What is it then that startles every nerve, not as the sound of
thunder or of whirlwind, but as the still, small voice, that clings
to me, and will not be made silent, telling me that all is changed
from that which it once was?

"I loved! God and my own heart know how truly, how
tenderly! How I dwelt on his idea, his image, his virtues, with
unblamed affection: how it was my glory, my silent boast, when in
solitude my eyes swam in tears, and my cheek glowed, to reflect
that I loved him, who transcended his kind in wisdom and
excellence! Is this a dream? Oh! then all is a dream; and the
earth, and the fabric of the adamantine sky are as the gossamer
that may not endure! Yet, oh, ye stars, ye shine! And I live.
Pulse, and breath, and thought, and all is changed; I must no
longer love,--so let me suffer the living death of
forgetfulness.

"Surely my heart is not cold, for I feel deep agony; and
yet I live. I have read of those who have pined and died, when the
sweet food of love was denied to them; were their sensations
quicker, deeper, more all-penetrating than mine? Their anguish
greater? I know not; nor do I know, if God hath given this frame a
greater capacity for endurance than I could desire. Yet, methinks,
I still love, and that is why I live. A dark, blank, rayless,
motionless night is before me, a heavy, overwhelming annihilation
is above me, when for a moment I imagine that hope is not for me.
But for an instant does that idea live within me, yet does it come
oftener and stay longer than it was wont.
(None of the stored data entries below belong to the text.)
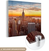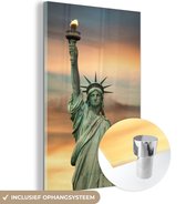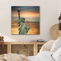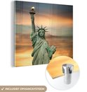 MuchoWow® Peinture sur verre 50x50 cm - Peinture sur verre acrylique - New York - Statue de la Liberté - Coucher de soleil - Photo sur verre - Peintures
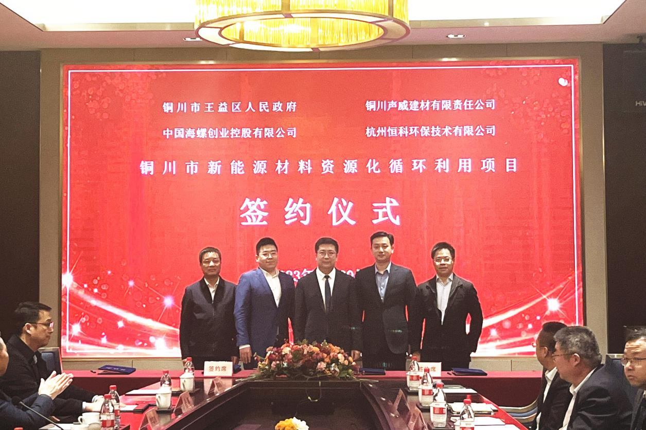 銅川市王益區常務(wù)副區長(cháng)焦耀奇,海螺創(chuàng )業(yè)常務(wù)副總經(jīng)理、海創(chuàng )循環(huán)董事長(cháng)疏茂,陜西聲威集團總經(jīng)理趙挺,杭州恒科環(huán)保公司董事長(cháng)吳濤分別作為代表進(jìn)行簽約。
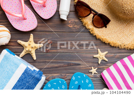 Summer vacation concept flat lay. straw hat beach accessories and towel top view. Space for text. travel concept
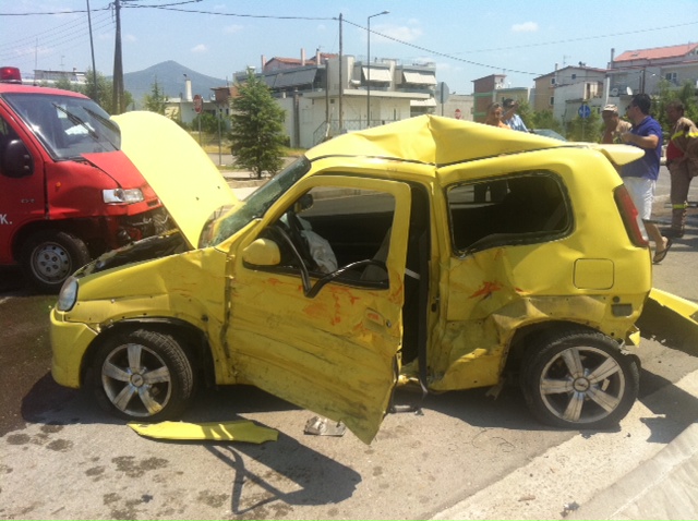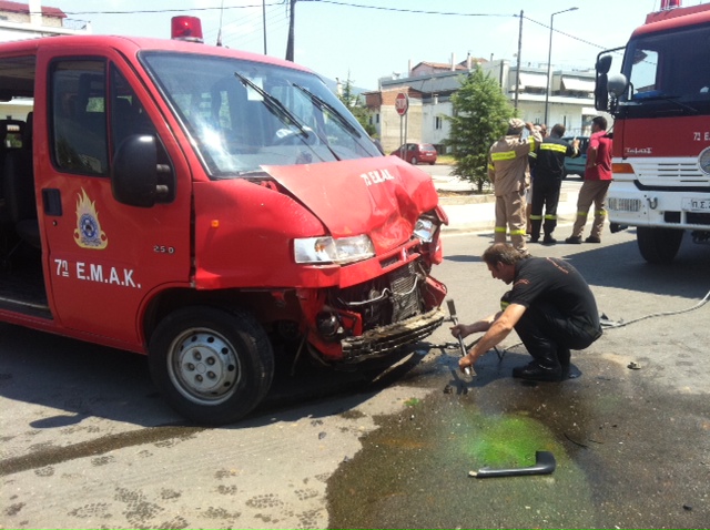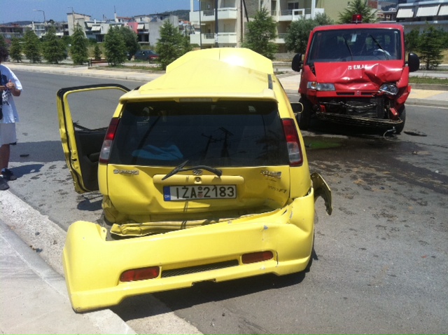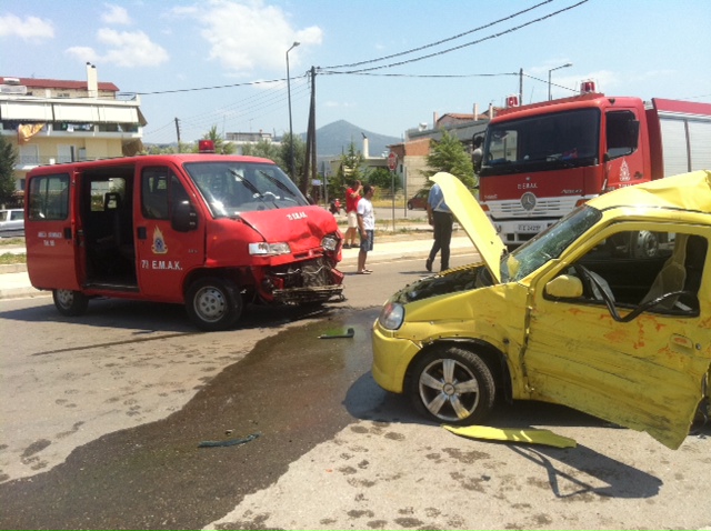 Η οδηγός από το κίτρινο suzuki κατέβαινε την Αμφικτυόνων και συγκρούστηκε με το όχημα της ΕΜΑΚ στο οποίο επέβαιναν 8 άνδρες, οι οποίοι πήγαιναν στην πυρκαγιά στη Μακρακώμη.

The knowledge that I have
nought to expect but death, must become a part of my mind. When a
dear friend dies, what painful throes does one undergo, before we
are persuaded to know that he is no more! So now that hope dies; it
is a lesson hard for my heart to learn; but it will learn it; and
that which is now reality, will be as a dream; what is now a part
of me will be but a recollection, a shadow thrown upon life, from
which I at length shall emerge. And what is the state of being that
shall follow?

"Yet will I arouse all the pride and all the nobility of my
nature; I will not sink beneath this trial; the great and good of
past ages have left their lessons for me to meditate, and I will be
no indocile pupil; the honey of the cup is exhausted, but all is
not gall that remains."

The winter passed on thus: Euthanasia feared Castruccio as the
enemy of Florence; but she avoided Florence as his enemy.
Disappointed in her dearest hopes, her very heart destroyed, she
hated society, and felt solace in the contemplation of nature
alone; that solace which the mind gathers, in communing with its
sorrows, and, having lost every other resource, clings as to a
friend, to the feelings of woe with which it is penetrated.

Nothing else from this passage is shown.